▶ **DIRECTIONS FOR THIS TASK**
Return verbatim the lines that run from the one holding "同时,主题海报也在教学楼内精" to the end of the listing, both ends included, without the pictures.

▶ **SUPPLIED MATERIAL**
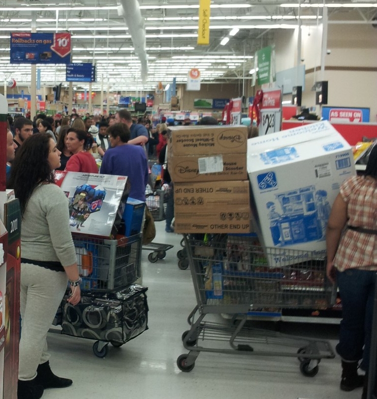 As I stepped in through the automatic doors, I could not have entered a more alien scene had I been dropped into the Mos Eisley Cantina. Everywhere I turned, there was a long line, emanating from a Mylar balloon with a product printed on it. Remembering that we were out of pull-up diapers, I spent 20 minutes meandering through the store, avoiding the blocked off aisles and walls of people waiting on everything from HD televisions to video game systems to bicycles.
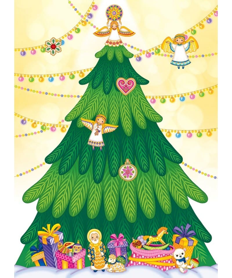 Різдвяна ялинка з наліпками + розмальовки
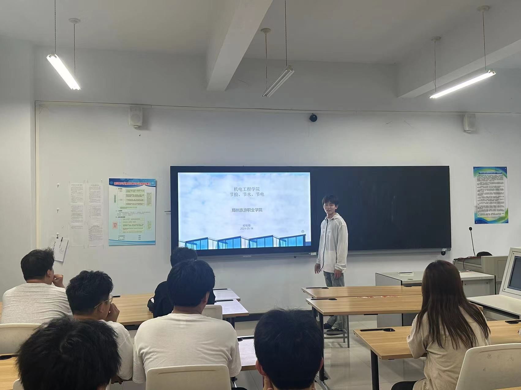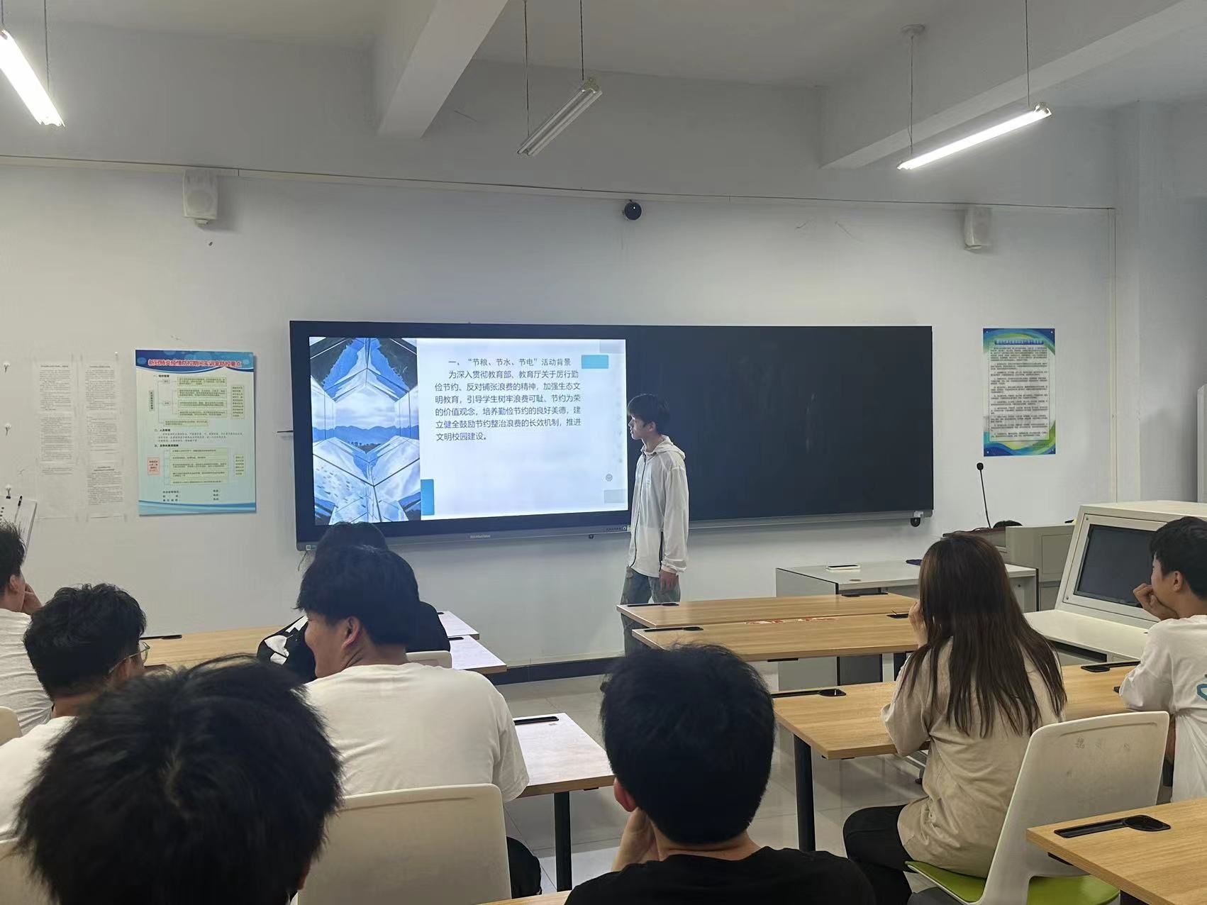 同时,主题海报也在教学楼内精彩呈现,这些充满创意和感染力的海报,进一步激发了大家践行“节粮、节水、节电”的热情。节电倡议也在教学楼各个角落得到了切实响应,随处可见的节电提示标语时刻提醒着大家珍惜每一度电。志愿者们活跃在食堂和卫生间等地,耐心地进行节粮、节水监督和引导,让节约之风在校园中盛行。
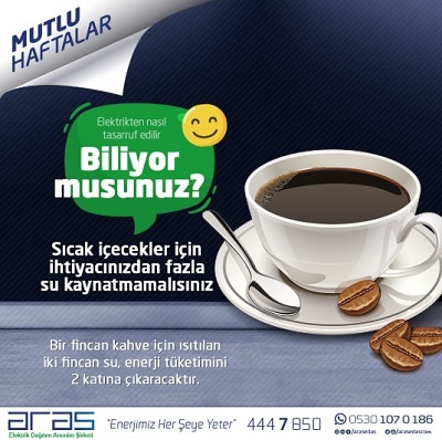 Elektrik Dağıtım Şirketleri (EDAŞ)'lardan Aras EDAŞ, bu konuda tasarrufu öne çıkaran önemli bir hatırlatma yaptı. Fırat EDAŞ'ın 'Evinizde sıcak içeceklerden nasıl tasarruf yapabileceğinizi biliyor musunuz?' başlıklı hatırlatması şöyle: Sıcak içecekler için ihtiyacınızdan fazla su kaynatmamalısınız. Bit fincan kahve için ısıtılan iki fincan su, enerji tüketimini iki katına çıkaracaktır.

▶ **WRITTEN REPLY**
 同时,主题海报也在教学楼内精彩呈现,这些充满创意和感染力的海报,进一步激发了大家践行“节粮、节水、节电”的热情。节电倡议也在教学楼各个角落得到了切实响应,随处可见的节电提示标语时刻提醒着大家珍惜每一度电。志愿者们活跃在食堂和卫生间等地,耐心地进行节粮、节水监督和引导,让节约之风在校园中盛行。
 Elektrik Dağıtım Şirketleri (EDAŞ)'lardan Aras EDAŞ, bu konuda tasarrufu öne çıkaran önemli bir hatırlatma yaptı. Fırat EDAŞ'ın 'Evinizde sıcak içeceklerden nasıl tasarruf yapabileceğinizi biliyor musunuz?' başlıklı hatırlatması şöyle: Sıcak içecekler için ihtiyacınızdan fazla su kaynatmamalısınız. Bit fincan kahve için ısıtılan iki fincan su, enerji tüketimini iki katına çıkaracaktır.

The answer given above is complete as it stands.